What PE Partners and Operating Partners Should Take From This


If you're underwriting growth, don't just underwrite the market. Underwrite the operation.

Specifically:

  • The operating cadence. Is there a planning process? A production rhythm? Or is the next priority determined by who yells loudest?

  • Process stability. Are outcomes predictable, or do they vary by shift, supervisor, and day of the week?

  • Leadership bench. Is the CEO or GM the hub of every decision? What happens when they're not there?

  • Problem-solving culture. When something goes wrong, does the organization learn from it — or cover it up and move on?

  • Execution risk. The model may show the value. Can they actually deliver it?


A strong PE firm doesn't just find value. It helps institutionalize systems so the company is no longer dependent on one person. That reduces risk. It also increases value, because a business that runs without the owner is worth more than a business that requires them.


What Owner-Operators Should Take From This 


Your company becomes more valuable the less it depends on you. That's not an insult — it's freedom.


You have two paths:

  • Drive improvements personally. Fast results. Short-lived change. You're still the bottleneck, just a more productive one.
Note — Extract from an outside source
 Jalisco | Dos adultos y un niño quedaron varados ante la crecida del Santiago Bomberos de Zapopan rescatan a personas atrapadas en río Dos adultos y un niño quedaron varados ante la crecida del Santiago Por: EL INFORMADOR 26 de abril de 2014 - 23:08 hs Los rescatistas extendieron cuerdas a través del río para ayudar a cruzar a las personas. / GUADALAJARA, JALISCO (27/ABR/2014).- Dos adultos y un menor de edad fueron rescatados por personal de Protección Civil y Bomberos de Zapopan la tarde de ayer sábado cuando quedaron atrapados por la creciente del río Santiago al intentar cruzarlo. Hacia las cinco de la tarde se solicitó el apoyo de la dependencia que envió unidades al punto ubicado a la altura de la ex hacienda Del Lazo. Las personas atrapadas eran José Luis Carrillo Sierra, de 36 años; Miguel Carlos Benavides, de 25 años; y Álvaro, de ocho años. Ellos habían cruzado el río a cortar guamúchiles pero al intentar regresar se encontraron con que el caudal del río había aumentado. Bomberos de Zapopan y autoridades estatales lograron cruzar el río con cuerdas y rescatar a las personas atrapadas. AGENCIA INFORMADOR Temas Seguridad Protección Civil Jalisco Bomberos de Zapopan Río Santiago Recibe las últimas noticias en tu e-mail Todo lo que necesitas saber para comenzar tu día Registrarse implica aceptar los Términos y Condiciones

  • Build real transformation — systems, leaders, and a culture that sustains itself. Slower to build. Compounds indefinitely.


If you want a business ready for succession, for sale, or simply for you to step back from the daily grind without watching it fall apart — you're not building a growth strategy. You're building a leadership system.


The growth comes with it.


The Bottom Line 


Shocking Profit is sometimes described as a book about finding hidden value. That's accurate and incomplete.


The hidden value is real — it's in the workarounds, the waste, the segmentation gaps, the velocity left on the table, the metrics nobody's tracking, the risk nobody's named. We find it in nearly every company we work with.


But the value doesn't stay found unless you build the system that keeps finding it.


That system is a problem-solving culture. It runs on leaders who ask more than they tell, who go where the work is done, who develop their people instead of protecting them from hard problems, and who have the discipline to touch second base before they sprint for home.


If your growth plan requires heroics, it's not a plan. It's a bet.


Build the leadership system instead. The growth gets a lot easier from there.